**Information provided:**
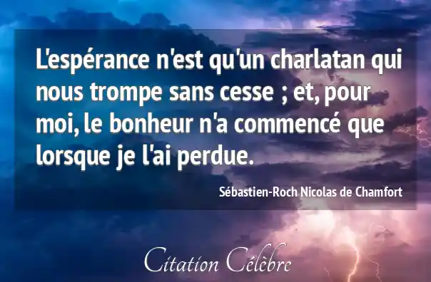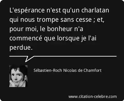 L'espérance n'est qu'un charlatan qui nous trompe sans cesse ; et, pour moi, le bonheur n'a commencé que lorsque je l'ai perdue.
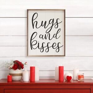 Hugs and Kisses Wooden Farmhouse Valentine's Day Wall Sign Decor
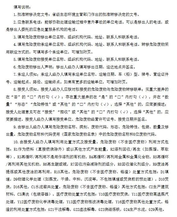 (三)根據(jù)危險廢物管理計劃運(yùn)行危險廢物轉(zhuǎn)移聯(lián)單,在危險廢物轉(zhuǎn)移聯(lián)單中如實(shí)填寫移出人、承運(yùn)人、接受人信息以及擬轉(zhuǎn)移危險廢物的種類、重量(數(shù)量)、危險特性等危險廢物信息和環(huán)境應(yīng)急措施;
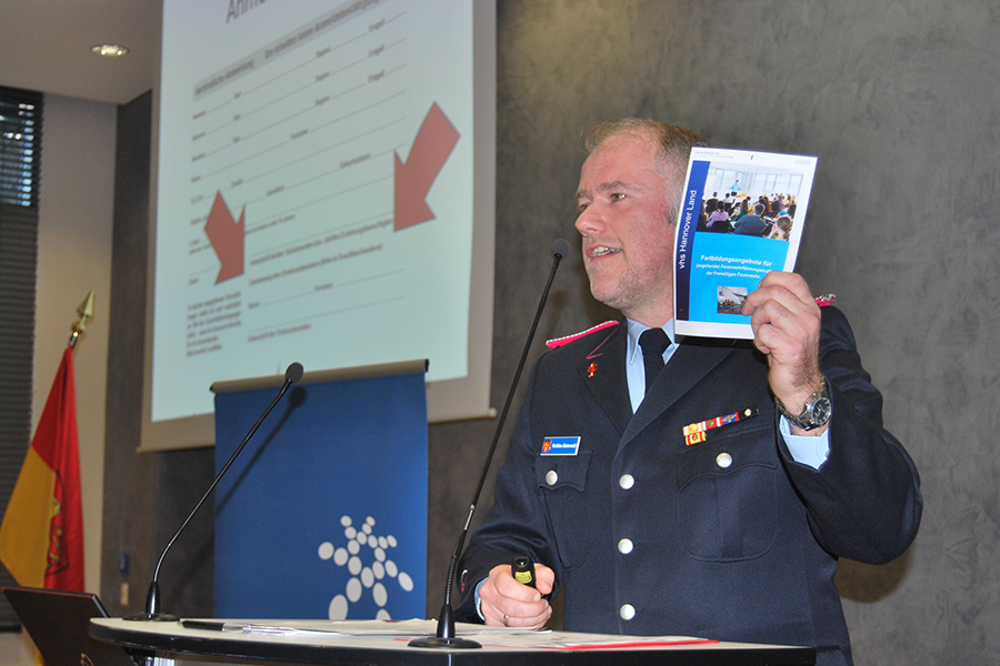 Mit einem Fortbildungsprogramm für (angehende) Feuerwehrführungskräfte konnten Karl-Heinz Mensing und der Lehrgangsbeauftragte der Regionsjugendfeuerwehr Matthias Düsterwald aus Ronnenberg ein bei den Freiwilligen Feuerwehren ganz neues Ausbildungsangebot der Regionsfeuerwehr vorstellen. Zusammen mit der Volkshochschule Hannover Land werden in 2017 mehrere Seminarmodule zur Qualifizierung von Führungskräften ganz außerhalb des feuerwehrtechnischen Bereiches angeboten. Dabei gehe es unter anderem um die Vermittlung von Argumentationstechniken in schwierigen Gesprächslagen, das Halten von Reden und Ansprachen, das Zeitmanagement vor dem Hintergrund ständig steigender Anforderungen, das Hineinwachsen in die Rolle als Vorgesetzter und die Lösung von Konflikten.

**Exercise requirements:** Where the data contains images, drop them and print the rest exactly.

**Answer area:**
 L'espérance n'est qu'un charlatan qui nous trompe sans cesse ; et, pour moi, le bonheur n'a commencé que lorsque je l'ai perdue.
 Hugs and Kisses Wooden Farmhouse Valentine's Day Wall Sign Decor
 (三)根據(jù)危險廢物管理計劃運(yùn)行危險廢物轉(zhuǎn)移聯(lián)單,在危險廢物轉(zhuǎn)移聯(lián)單中如實(shí)填寫移出人、承運(yùn)人、接受人信息以及擬轉(zhuǎn)移危險廢物的種類、重量(數(shù)量)、危險特性等危險廢物信息和環(huán)境應(yīng)急措施;
 Mit einem Fortbildungsprogramm für (angehende) Feuerwehrführungskräfte konnten Karl-Heinz Mensing und der Lehrgangsbeauftragte der Regionsjugendfeuerwehr Matthias Düsterwald aus Ronnenberg ein bei den Freiwilligen Feuerwehren ganz neues Ausbildungsangebot der Regionsfeuerwehr vorstellen. Zusammen mit der Volkshochschule Hannover Land werden in 2017 mehrere Seminarmodule zur Qualifizierung von Führungskräften ganz außerhalb des feuerwehrtechnischen Bereiches angeboten. Dabei gehe es unter anderem um die Vermittlung von Argumentationstechniken in schwierigen Gesprächslagen, das Halten von Reden und Ansprachen, das Zeitmanagement vor dem Hintergrund ständig steigender Anforderungen, das Hineinwachsen in die Rolle als Vorgesetzter und die Lösung von Konflikten.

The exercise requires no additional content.